It is that time of the year. The time to think of all the ways the ways we can change-improve. One thing I know is that as a Lupus patient I need all the help I can get and this year I intend on making positive changes not just out of vanity but for my own health and my family’s well being.
- Delegate: This year I intend on delegating some of my many chores and responsibilities to my very capable husband and kids. I have always taken on too many things on my own then I am running around screaming like a crazy person when no one helps! I started already: I made my husband in charge of hanging up both his and my son’s clothes. Done! One less thing for me to do and one less thing to worry about.
- Set up a Support System: I have started this already by joining two wonderful Lupus support groups online, but I need to expand this support system to people in my community. I want to start a Lupus Support Group in my area. The closest one is half an hour away and I never go. We need to help each other in ways our families can’t-through complete understanding.

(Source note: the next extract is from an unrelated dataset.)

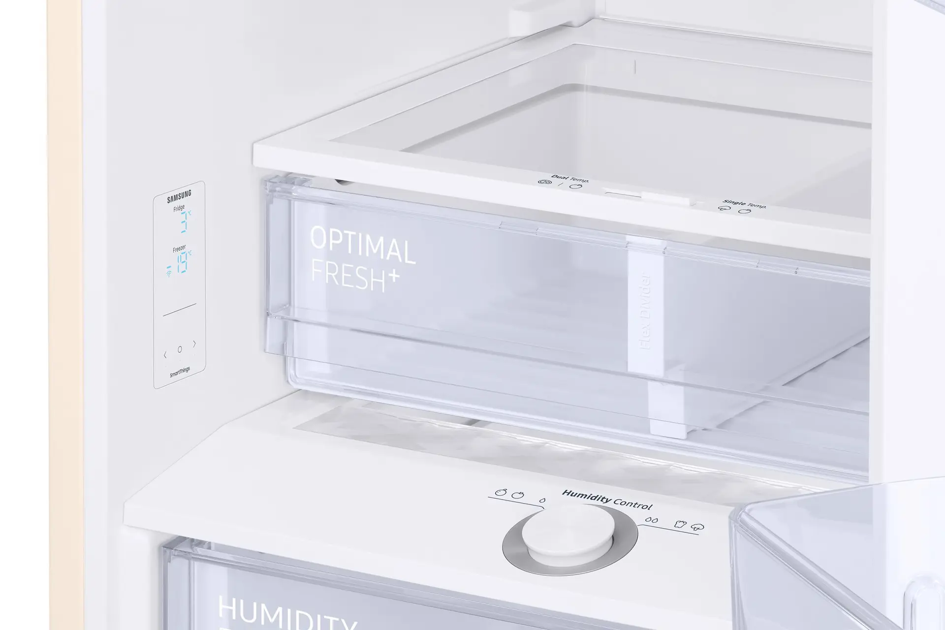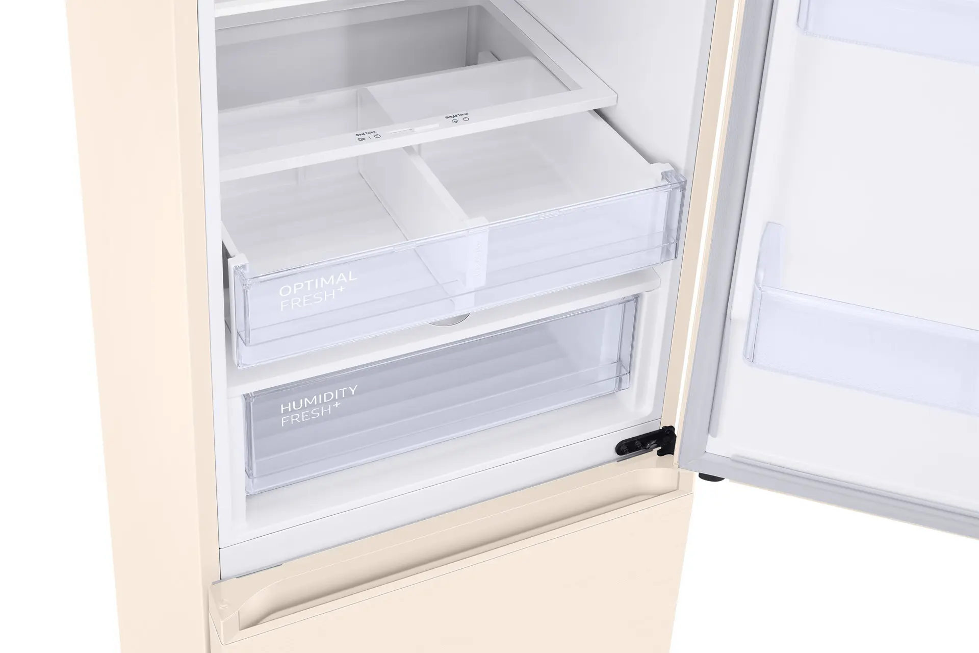 Il comparto Optimal Fresh + può essere utilizzato come cassetto unico o diviso in due zone con temperature diverse. Il lato sinistro è più freddo, per cui carne e pesce possono durare due volte più a lungo. Il lato destro è ideale per preservare la freschezza di frutta e verdura.

- Be Active: Okay so I have gained over twenty pounds this past year and I am not going to stress about it anymore. I have tried to start exercise programs to lose weight but as anyone with Lupus knows, sometimes it doesn’t matter how much you want to go out and exercise if your body refuses to cooperate. So, I am going to just be active every day in some way: either walking around the block or doing some yoga poses-something each day even if it is for just 10 minutes. Both walking and yoga will help with the stress also, so it’s a win-win!
- Be My Own Advocate: Ever since I was diagnosed with Lupus it has been like my family secret that everyone knows but no one wants to discuss. Most people know nothing about it: either they think I am dying or they feel like it’s no big deal. So, this year I plan on working on spreading Lupus Awareness with my friends and family. I want to participate in a Lupus walk. I want to voice my concerns with my doctor instead of just going along with what he says because I am tired of feeling terrible all the time, so I am going to take the wheel and help myself.
- Be Happy!: Okay so that seems so stupid to say that I am going to work on being happy, but with all the things that could go wrong with this illness I need to focus on what is important: me and my family. From now on, I am not going to care what anyone else wants or expects from me. I am only going to do things that make me happy. This is not out of selfishness; you wouldn’t believe how stressed I get over letting down people at work or making others happy instead of focusing on what is really important to me. So I am done with stressing and living MY life.